Stockton, California, has the highest U.S. foreclosure rate. It also has a housing shortage.
The number of homes for sale in the city fell 42 percent in October from a year earlier. Listings routinely attract multiple offers. Prices are on the rise.
When banks pulled back on foreclosures two years ago following a government investigation into allegations of faulty practices, market researchers, academics and Wall Street analysts said that a surge of delinquent homes would deluge the U.S. market once lenders resolved the claims and worked through backlog, driving down prices for years to come. RealtyTrac Inc., a seller of property data, warned a year ago of a “new set of incoming foreclosure waves.” Susan Wachter, professor at the University of Pennsylvania’s Wharton School, said in February that a logjam may be “unleashed” and destabilize the market.
In fact, the flood failed to materialize, even after the five biggest U.S. mortgage servicers reached a $25 billion settlement with federal and state regulators in February. Instead, the number of properties for sale shrank to the fewest in a decade, prices appreciated at the fastest pace since 2005, and the gradual healing of the housing market helped boost consumer confidence and the economy.

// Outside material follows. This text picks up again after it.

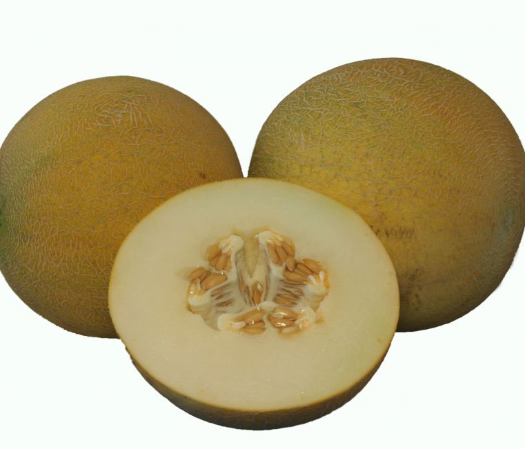 Дыня Сенсейшен F1. Уникальная дыня типа Галия, отличающаяся крупными плодами, великолепным вкусом и текстурой. Очень сладкая и ароматная. 85 дней от всходов до уборки урожая, плод 2,5-3,5 кг, круглый. Кожура с сильной сеткой, оранжево-жёлтая с лёгкой зеленью. Мякоть белая, вначале хрустящая, при созревании – нежно-маслянистая. Семенная камера маленькая. Устойчива к настоящей мучнистой росе и фузариозу (расы 0,1,2).

“We don’t have enough homes now to meet the needs of the market,” Paul Jacobson, a Stockton native and real estate broker for 22 years, said as he cruised the city’s northern fringe, where suburbia meets farmland. “People see a foreclosed home for sale in this area and they’re going to jump on it.”
Banks have stepped up foreclosure alternatives to avoid legal challenges. They’re forgiving debt, modifying payment plans and approving short sales that allow homeowners to sell for less than they owe.
The federal government, criticized by consumer activists for failing to prevent more than 4.7 million homes from being lost to foreclosure or short sales since President Barack Obama took office in January 2009, is also helping to stem the crisis. Expanded loan-modification programs have gained traction, and the Federal Reserve has kept bank interest rates near zero. Investors including Blackstone Group LP (BX) and Colony Capital LLC are purchasing thousands of foreclosed homes in bulk before they even hit the market, further limiting new supply.
“Many of us, myself included, feared a wave of foreclosures when the settlement came,” Wachter, professor of real estate and finance at Wharton in Philadelphia, said in a telephone interview. “I was wrong.”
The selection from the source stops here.